1. Incorrect formatting of elements within tables.
2. Rare encoding problems of non-Latin characters, deriving from the original HTML files.
3. Discrepancies among parallel segments due to:

3.1. Differences in translation (alphabetically ordered lists or sentence ordering).
3.2. Minor segmentation errors.

References

Baroni M., Schmid H., Zanchetta E., Stein A. (2007). The Enriched TreeTagger System. Proceedings of the Evalita Workshop (10th Congress of Italian Association for Artificial Intelligence, AI*IA 2007). University of Roma "Tor Vergata", Rome, Italy.

Honnibal M., Montani I., Van Landeghem S. and Boyd A. (2020). SpaCy: Industrial-strength Natural Language Processing in Python. doi:10.5281/zenodo.1212303.
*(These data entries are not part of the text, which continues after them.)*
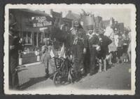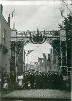 Groepsfoto tijdens Koninginnefeest in de Tuinstraat (De Zak). Vlnr.: 3. v.d. Want?, 4. Simon Meewezen, 5. van Leeuwen (kuiper), 6. Korevaar (groentehandelaar), 7. van de Hondel (caféhouder), 8. Furrer, Jan.
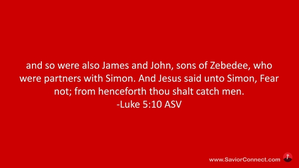 desgleichen auch Jakobus und Johannes, die Söhne des Zebedäus, Simons Gesellen. Und Jesus sprach zu Simon: Fürchte dich nicht; denn von nun an wirst du Menschen fangen. -Lukas 5:10 L1912
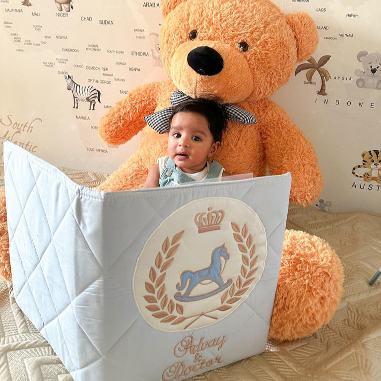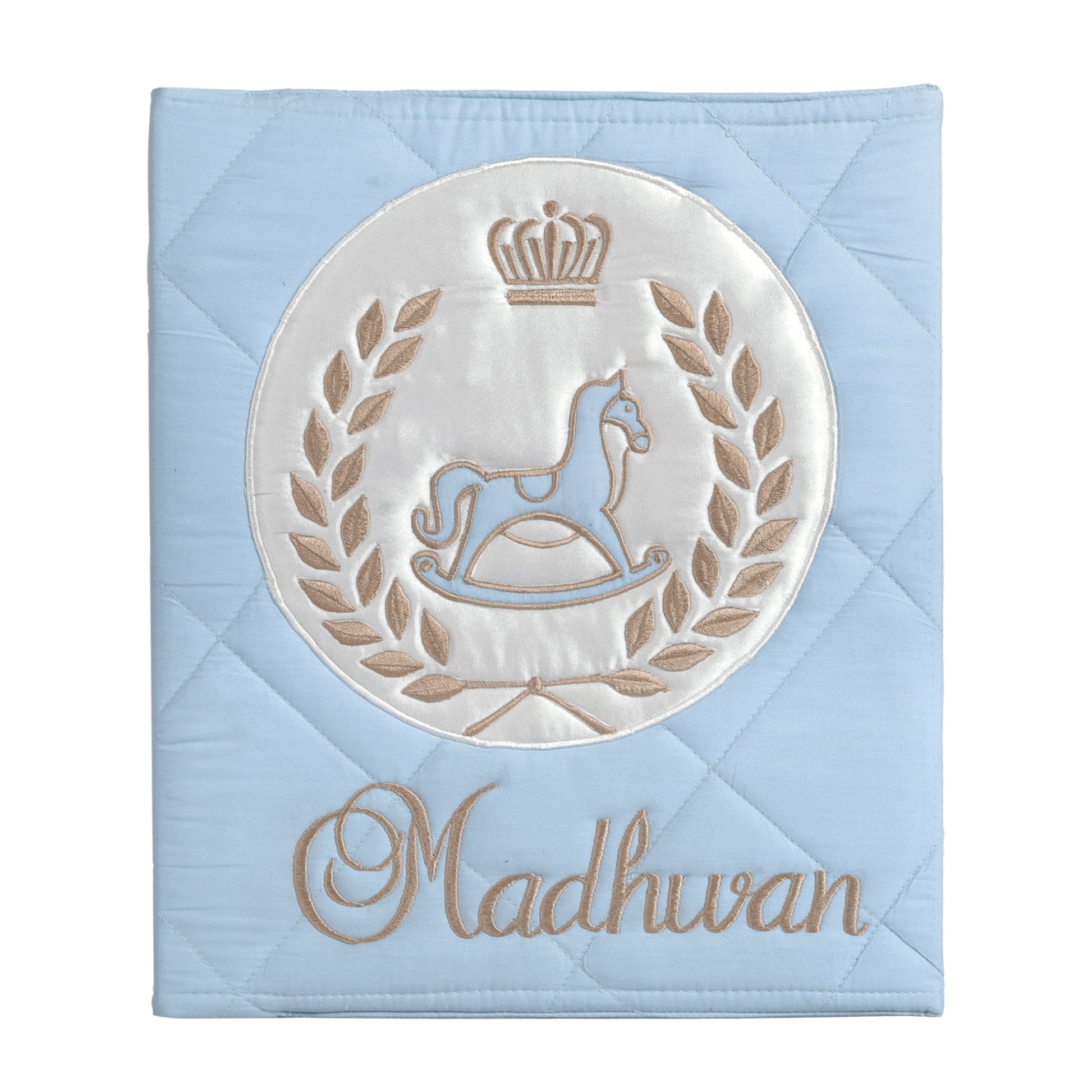 Give your nursery a majestic charm with our Royal Steed Collection. The rocking horse inside a leaf crest embodies the quintessence of a charmed childhood. Our mongrammed works are a delight for aesthete homes.
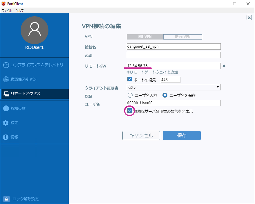 1.ホスト名ではなくIPv4アドレスでリモートGWに接続する

Schmid H. (1994). Probabilistic Part-of-Speech Tagging Using Decision Trees. Proceedings of International Conference on New Methods in Language Processing. Manchester, UK.

Schmid H., Laws F. (2008). Estimation of Conditional Probabilities with Decision Trees and an Application to Fine-Grained POS Tagging. In COLING '08: Proceedings of the 22nd International Conference on Computational Linguistics (pp. 777-784). Volume 1. Manchester: Association for Computational Linguistics.

Vondřička P. (2014). Aligning parallel texts with InterText, In: N. Calzolari, K. Choukri, T. Declerck, H. Loftsson, B. Maegaard, J. Mariani, A. Moreno, J. Odijk and S. Piperidis (Eds.), Proceedings of the Ninth International Conference on Language Resources and Evaluation (LREC'14) (pp. 1875-1879). Reykjavik: European Language Resources Association (ELRA).